- _DATA SHOWN_
━━━━━━━━━━

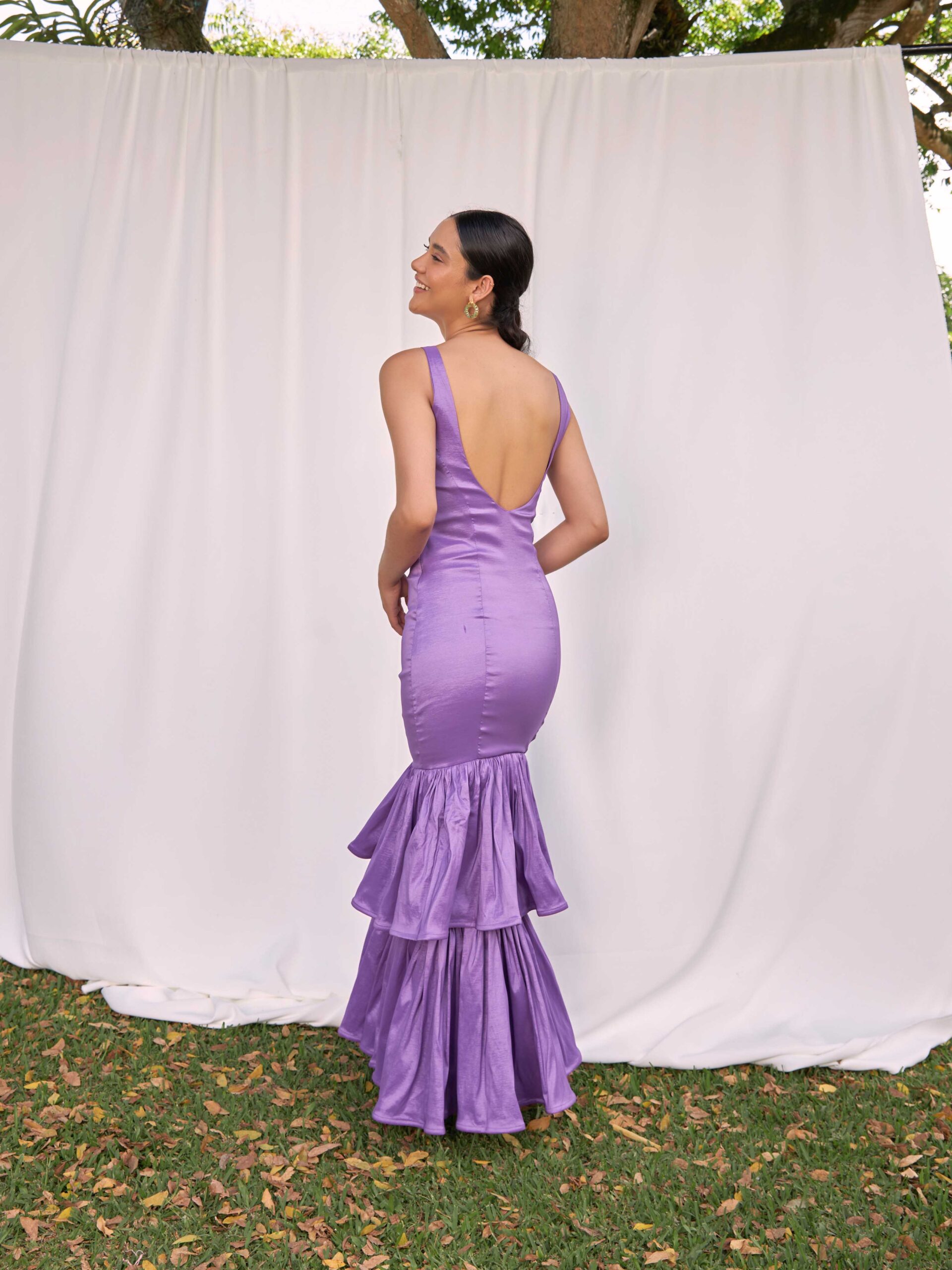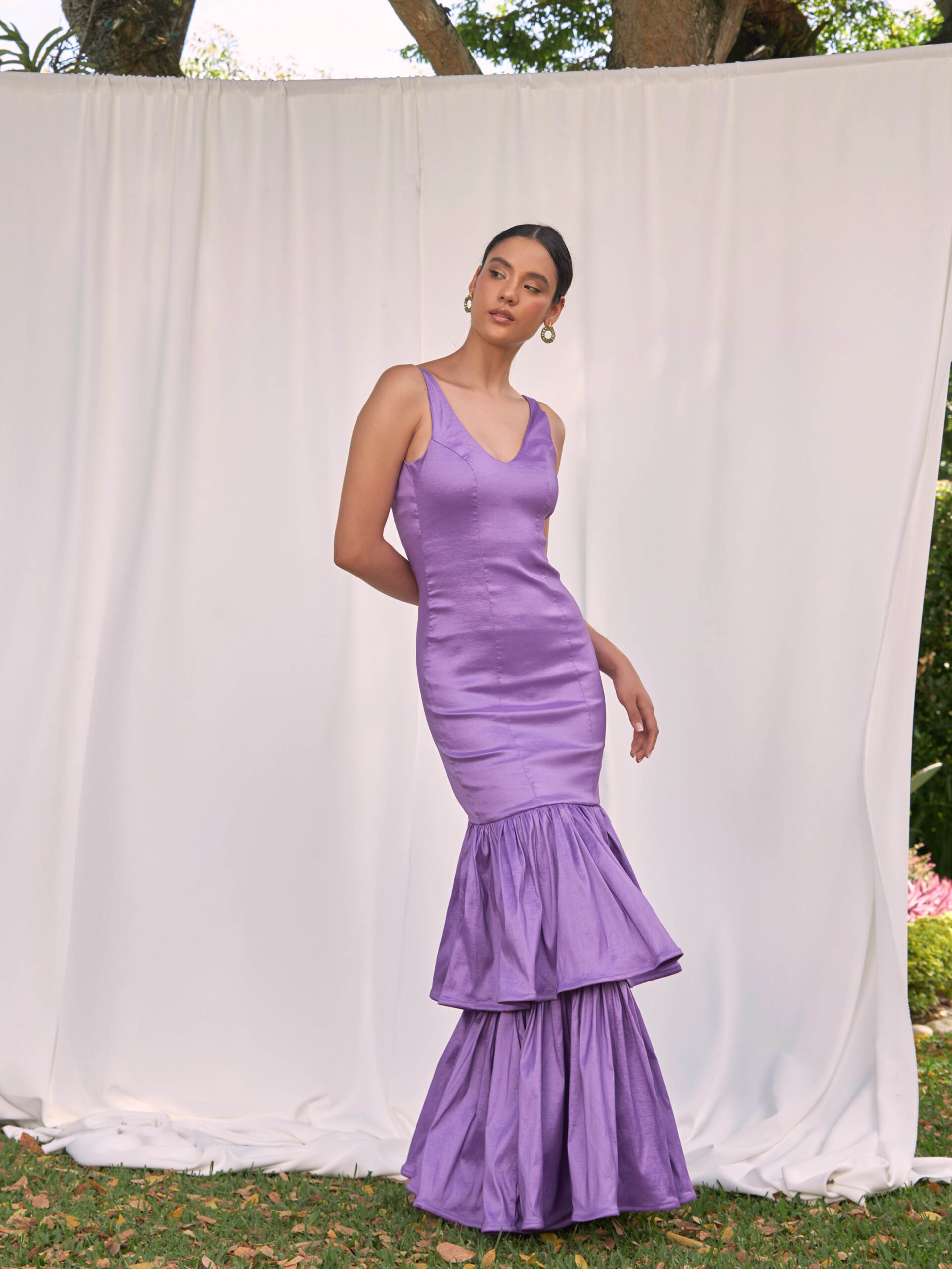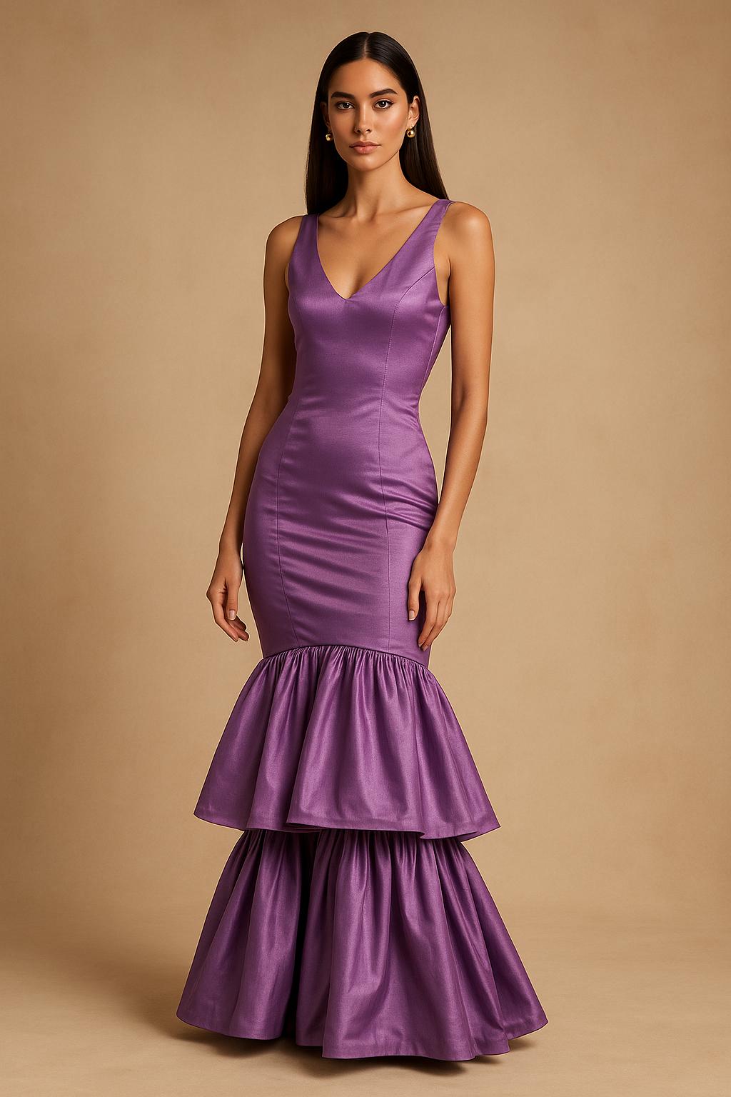 Vestido largo en tafeta ajustado al cuerpo, con dos boleros en la falda. Cremallera invisible.
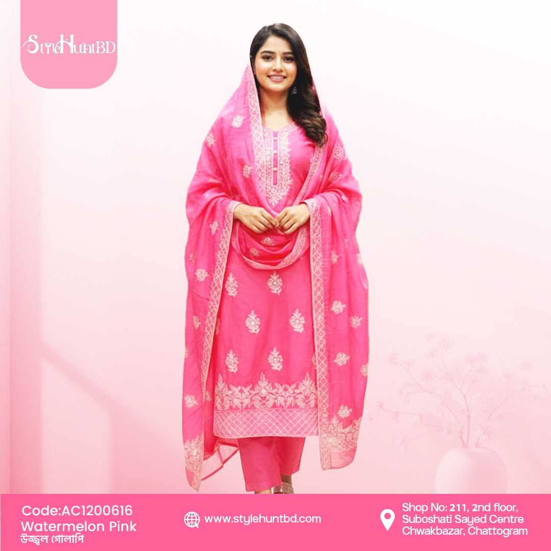 Vibrant and soft 3 piece dress in watermelon pink (Code: AC1200616). Crafted from breathable cotton fabric for all-day comfort. Features a modest and elegant design, ideal for festive events, office wear, and daily use.
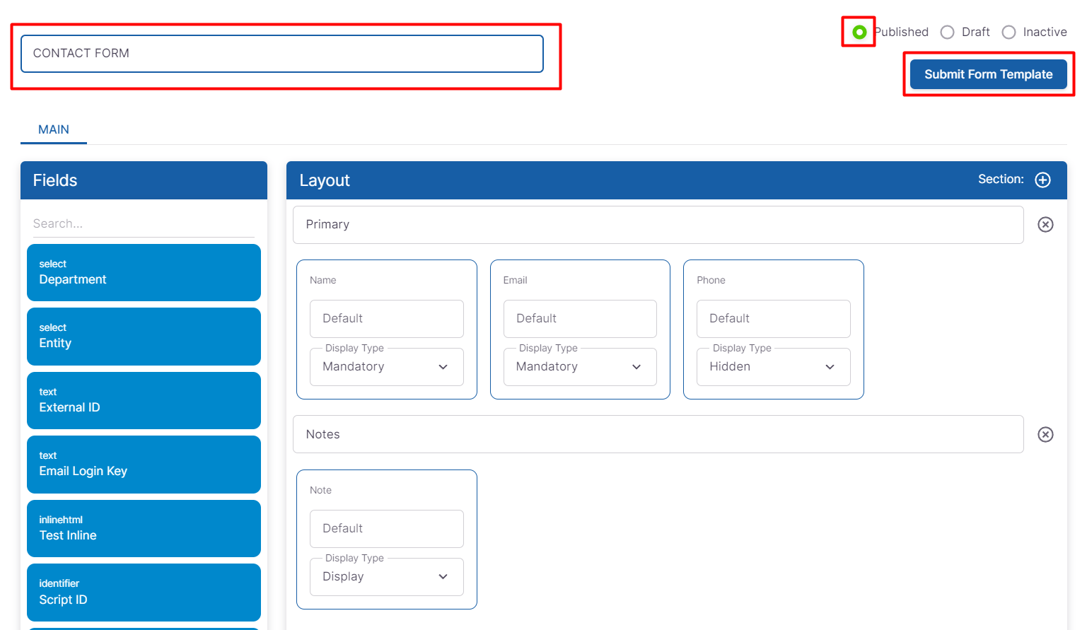 - Once you have added all the fields and sections to your form, give your form a name, change the status to published and click Submit

━━━━━━━━━━

- _WHAT IS BEING ASKED_
Copy the listing character for character, pictures omitted.

- _SOLUTION BELOW_
 Vestido largo en tafeta ajustado al cuerpo, con dos boleros en la falda. Cremallera invisible.
 Vibrant and soft 3 piece dress in watermelon pink (Code: AC1200616). Crafted from breathable cotton fabric for all-day comfort. Features a modest and elegant design, ideal for festive events, office wear, and daily use.
 - Once you have added all the fields and sections to your form, give your form a name, change the status to published and click Submit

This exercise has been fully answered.